Flutter Entertainment Ends London Stock Exchange Listing, Doubles Down on US Strategy
Flutter Entertainment is pulling the plug on its London Stock Exchange listing, effective August 3. The world’s largest online betting operator cited low trading volumes and mounting compliance costs as reasons for the move, leaving the New York Stock Exchange as its primary trading home.

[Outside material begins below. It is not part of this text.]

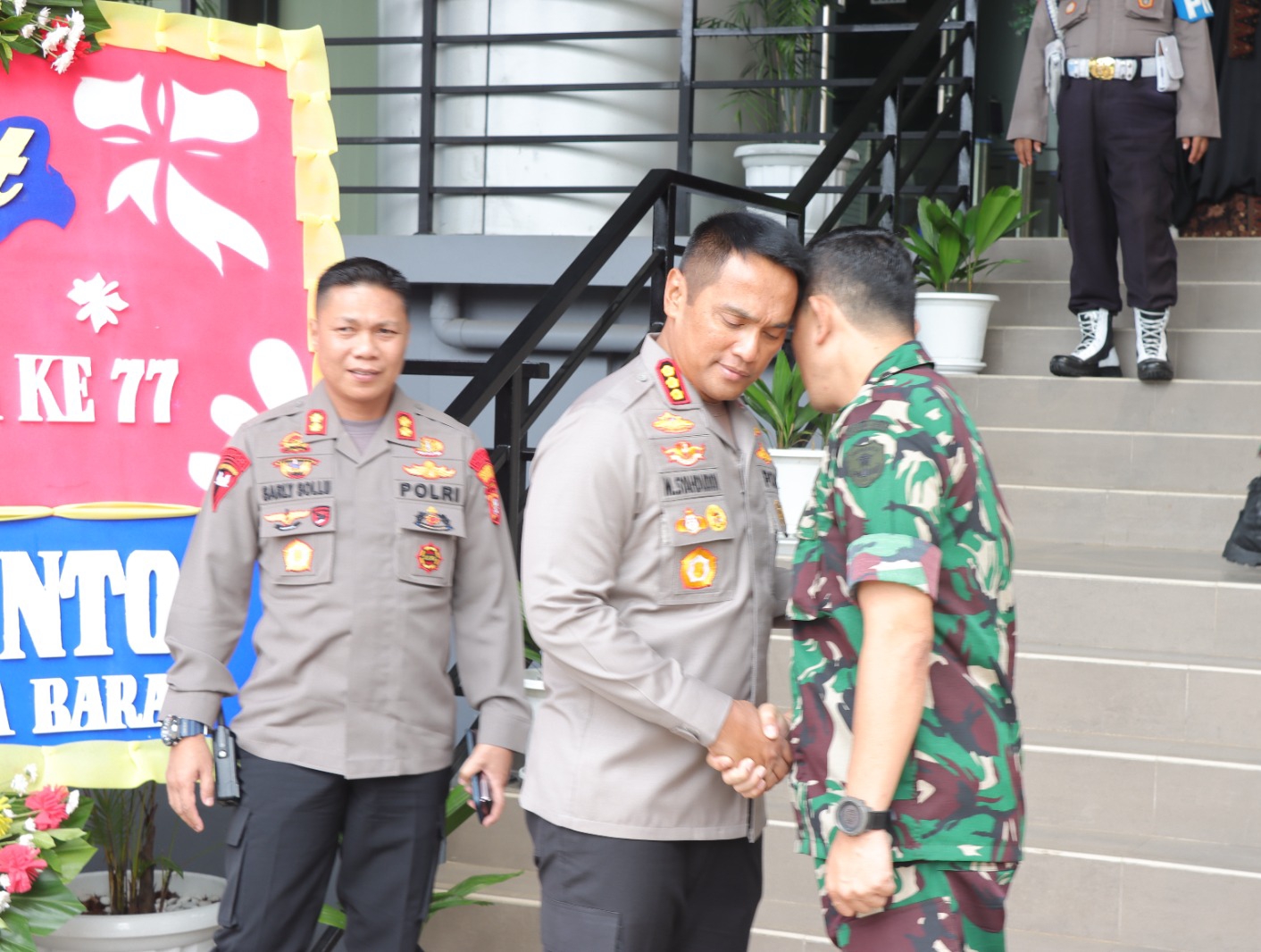 Dalam momentum tersebut tampak terlihat Dandim 0503 JB Letkol Inf Eko Syah Putra memberikan secara simbolis potongan nasi tumpeng kepada kapolres Metro Jakarta Barat Kombes Pol M Syahduddi sebagai bentuk kedekatan dan kekompakan TNI-Polri di Jakarta Barat.
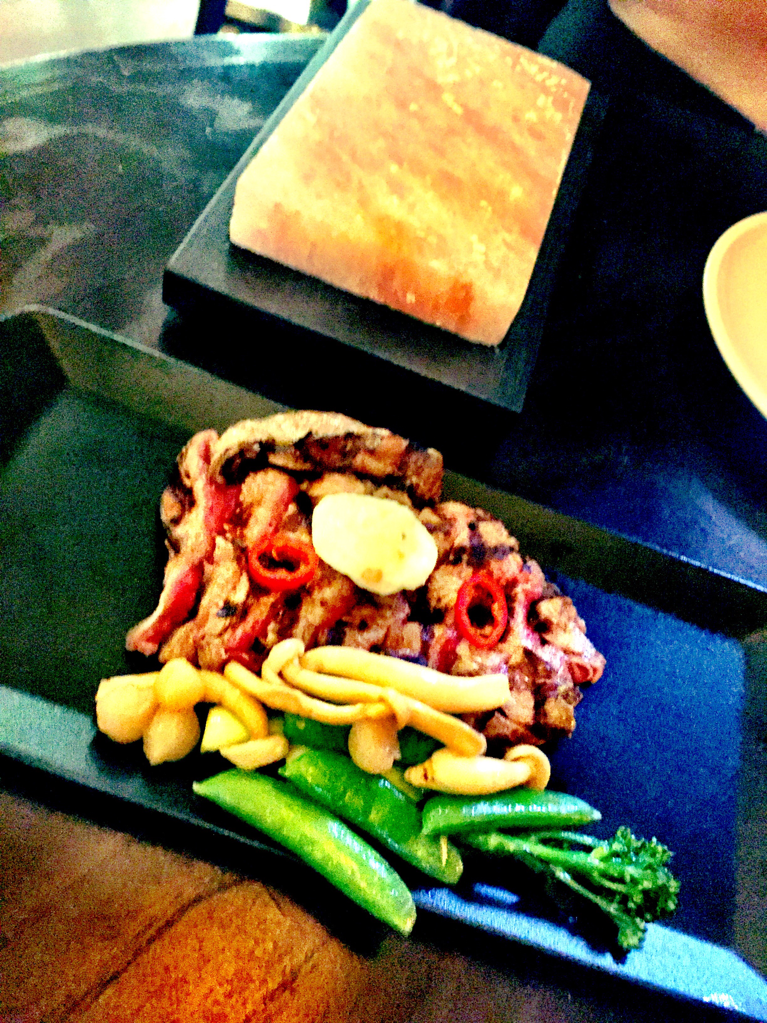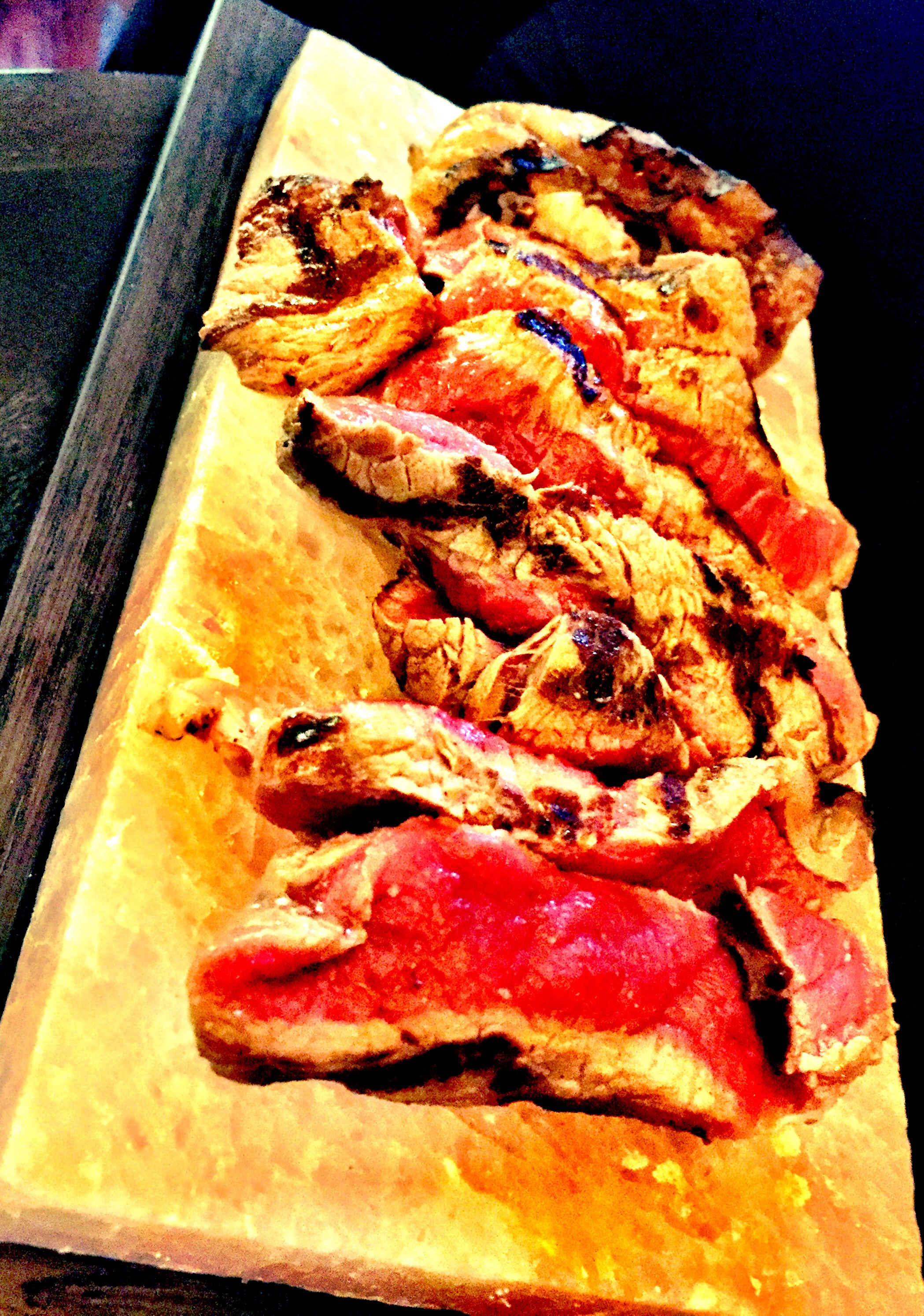 The steak comes sliced and raw and you cook it yourself on a Himalayan rock salt block- such a cool experience and means you get it just the way you like EVERY TIME! It was EXSQUISITE!

It’s pragmatic. The LSE listing had become more burden than benefit, with the costs of maintaining it outweighing any genuine liquidity upside. Final trading on London’s main market happens Friday, July 31, with delisting taking effect Monday morning. Interestingly, Flutter’s share price actually ticked up 0.5% on the news before sliding back, suggesting the market had already priced this in.
A Calculated Retreat
Not entirely unexpected. Rumours of a potential delisting circulated a month ago, though Flutter’s leadership had publicly backed the London listing at the time. What’s changed is reality. The US market, where Flutter generates around 42% of total revenue through FanDuel, has become the undeniable centre of gravity for the company’s growth strategy.
Q1 results tell it all. Flutter’s US revenue climbed 6% year-on-year to $1.76 billion, buoyed by 19% iGaming growth. Sportsbook performance lagged, mind you, and the company has already trimmed its 2026 profit growth forecast to just 1%. FanDuel holds a commanding 39% share of the US betting market, but that dominance hasn’t translated into the growth rates Flutter once projected.
Restructuring for Reality
The company has already reshuffled FanDuel’s management team in response to tougher US market conditions. Most recently, Asaf Noifeld, FanDuel’s managing director of casino, departed the Flutter group. These moves signal that while Flutter remains committed to the US as its primary growth engine, it’s having to adapt its approach. The market’s increasingly competitive and mature, after all.
Chief Executive Peter Jackson has been clear that the US represents one of the industry’s most significant opportunities. That conviction is strong enough to justify concentrating the group’s listing on a single exchange, even if it means walking away from a traditional home market. For Flutter, the calculation is straightforward: where the growth is, that’s where you need to be.